* **Records**:
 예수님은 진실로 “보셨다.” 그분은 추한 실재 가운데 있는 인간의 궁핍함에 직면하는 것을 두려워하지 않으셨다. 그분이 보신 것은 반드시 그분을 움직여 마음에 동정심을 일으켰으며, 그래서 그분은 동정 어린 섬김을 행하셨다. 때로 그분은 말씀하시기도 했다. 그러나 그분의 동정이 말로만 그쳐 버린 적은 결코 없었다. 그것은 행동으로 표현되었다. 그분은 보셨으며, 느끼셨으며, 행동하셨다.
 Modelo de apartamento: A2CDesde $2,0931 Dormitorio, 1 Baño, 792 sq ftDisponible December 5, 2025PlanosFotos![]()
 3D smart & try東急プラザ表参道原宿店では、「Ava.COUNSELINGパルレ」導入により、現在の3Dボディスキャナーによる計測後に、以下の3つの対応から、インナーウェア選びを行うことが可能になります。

==

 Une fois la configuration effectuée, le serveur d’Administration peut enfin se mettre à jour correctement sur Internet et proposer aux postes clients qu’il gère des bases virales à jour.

* **Problem**: In the listing above, the lines from the one containing "보셨으며, 느끼셨으며, 행동하셨다." through the one containing "Modelo de apartamento: A2CDesde" must be set down exactly, with no other lines.

* **The completed task**:
 예수님은 진실로 “보셨다.” 그분은 추한 실재 가운데 있는 인간의 궁핍함에 직면하는 것을 두려워하지 않으셨다. 그분이 보신 것은 반드시 그분을 움직여 마음에 동정심을 일으켰으며, 그래서 그분은 동정 어린 섬김을 행하셨다. 때로 그분은 말씀하시기도 했다. 그러나 그분의 동정이 말로만 그쳐 버린 적은 결코 없었다. 그것은 행동으로 표현되었다. 그분은 보셨으며, 느끼셨으며, 행동하셨다.
 Modelo de apartamento: A2CDesde $2,0931 Dormitorio, 1 Baño, 792 sq ftDisponible December 5, 2025PlanosFotos![]()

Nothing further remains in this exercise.